▶ Work instructions: Return all the data below as it stands, minus the pictures.

▶ Data segment:
=== Section Start ===

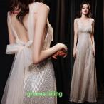 カラードレス スパンコール シャンパンシルバー リボン パーティードレス フォーマル ロングドレス スレンダードレス 結婚式 二次会 発表会 イブニングドレス
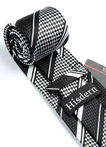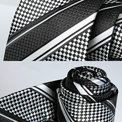 HISDERN Set fazzoletto da uomo e fazzoletto da taschino con cravatta a righe extra lunghe (nero e argento e bianco)
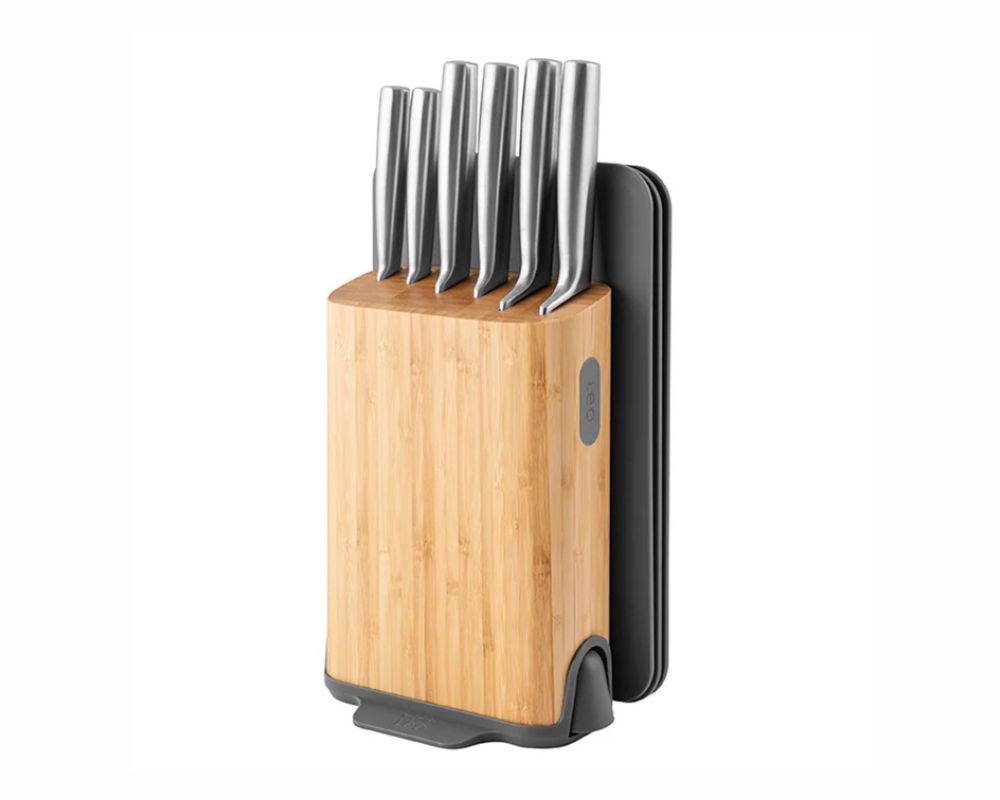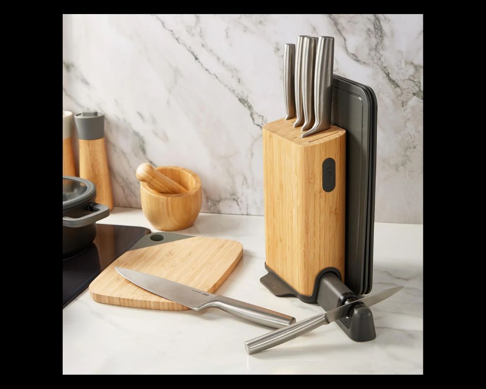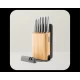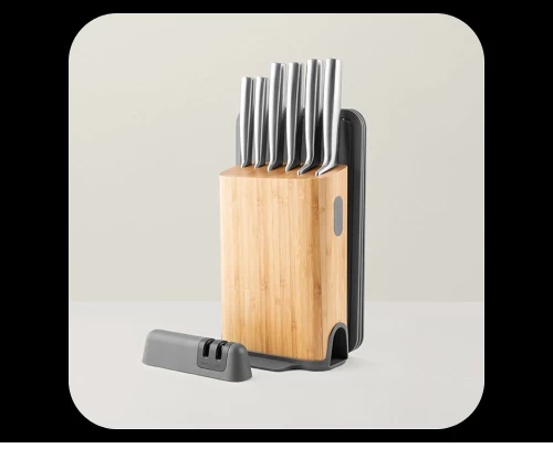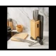 Αυτό το ευέλικτο σετ περιλαμβάνει όλα τα απαραίτητα μαχαίρια, κατασκευασμένα από κορυφαίας ποιότητας ανοξείδωτο ατσάλι με εργονομικές, κούφιες λαβές για άνετο και ισορροπημένο κράτημα. Η πανέμορφη ξύλινη βάση από μπαμπού δεν αποθηκεύει απλώς τα μαχαίρια σας, αλλά διαθέτει:
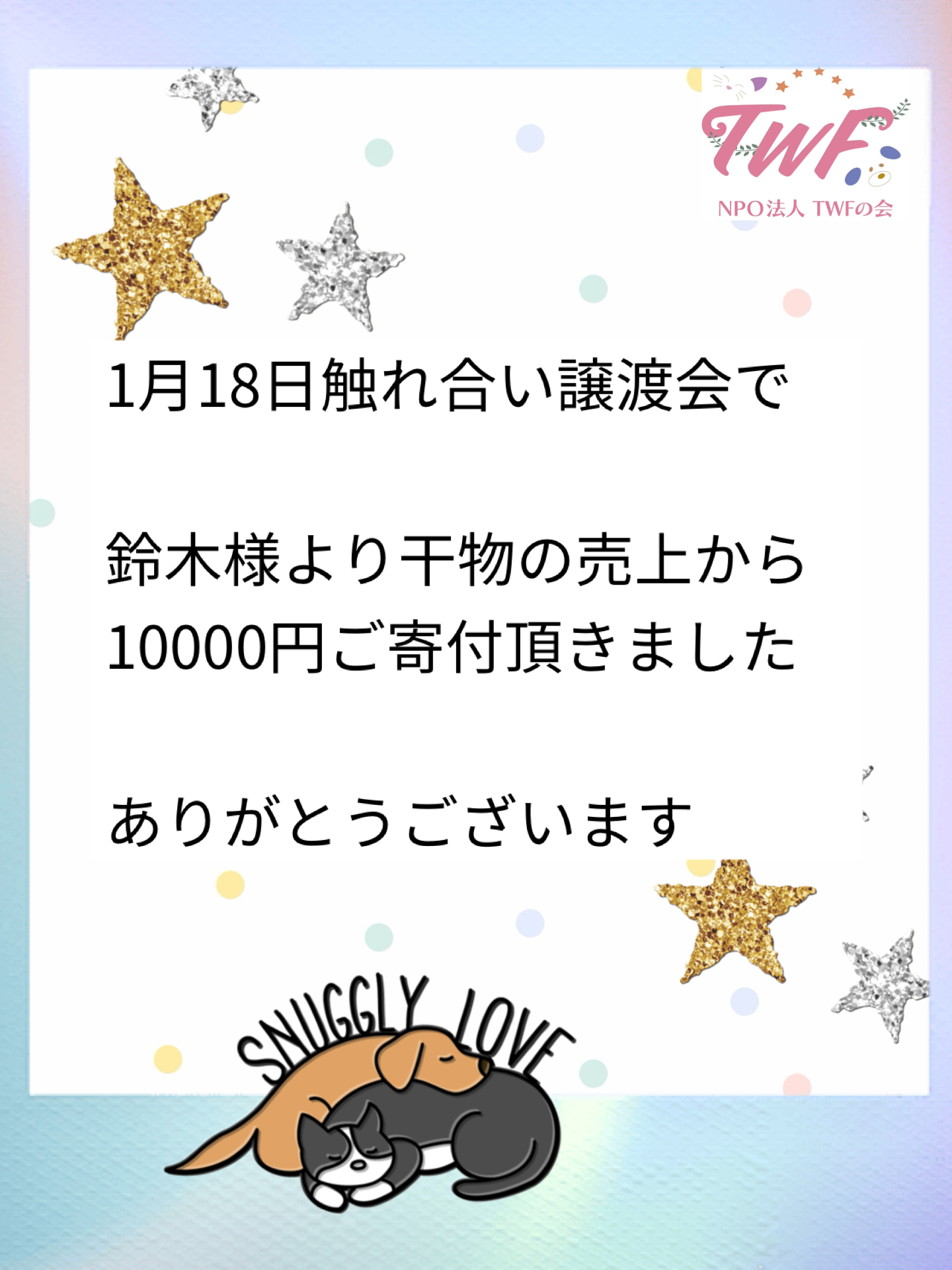 ご寄付を頂きました 2026 1/18 INFORMATION Thanks! 2026年1月18日 1月18日触れ合い譲渡会での干物の売り上げより10000円ご寄付頂きました。ありがとうございます。 INFORMATION Thanks! よかったらシェアしてね! URLをコピーしました! ご寄付を頂きました 品物のご寄付を頂きました おすすめ記事 品物のご寄付を頂きました 2026年2月6日 大切なお知らせ 2026年2月6日 ご寄付を頂きました✨ 2026年1月28日 ご寄付を頂きました 2026年1月26日 品物のご寄付いただきました✨ 2026年1月25日 オレンジX、ごみ袋をご寄付頂きました 2026年1月24日 品物のご寄付を頂きました。 2026年1月20日 キャットフードやタオルなどご寄付頂きました 2026年1月19日

=== Section End ===

▶ Answer to this exercise:
 カラードレス スパンコール シャンパンシルバー リボン パーティードレス フォーマル ロングドレス スレンダードレス 結婚式 二次会 発表会 イブニングドレス
 HISDERN Set fazzoletto da uomo e fazzoletto da taschino con cravatta a righe extra lunghe (nero e argento e bianco)
 Αυτό το ευέλικτο σετ περιλαμβάνει όλα τα απαραίτητα μαχαίρια, κατασκευασμένα από κορυφαίας ποιότητας ανοξείδωτο ατσάλι με εργονομικές, κούφιες λαβές για άνετο και ισορροπημένο κράτημα. Η πανέμορφη ξύλινη βάση από μπαμπού δεν αποθηκεύει απλώς τα μαχαίρια σας, αλλά διαθέτει:
 ご寄付を頂きました 2026 1/18 INFORMATION Thanks! 2026年1月18日 1月18日触れ合い譲渡会での干物の売り上げより10000円ご寄付頂きました。ありがとうございます。 INFORMATION Thanks! よかったらシェアしてね! URLをコピーしました! ご寄付を頂きました 品物のご寄付を頂きました おすすめ記事 品物のご寄付を頂きました 2026年2月6日 大切なお知らせ 2026年2月6日 ご寄付を頂きました✨ 2026年1月28日 ご寄付を頂きました 2026年1月26日 品物のご寄付いただきました✨ 2026年1月25日 オレンジX、ごみ袋をご寄付頂きました 2026年1月24日 品物のご寄付を頂きました。 2026年1月20日 キャットフードやタオルなどご寄付頂きました 2026年1月19日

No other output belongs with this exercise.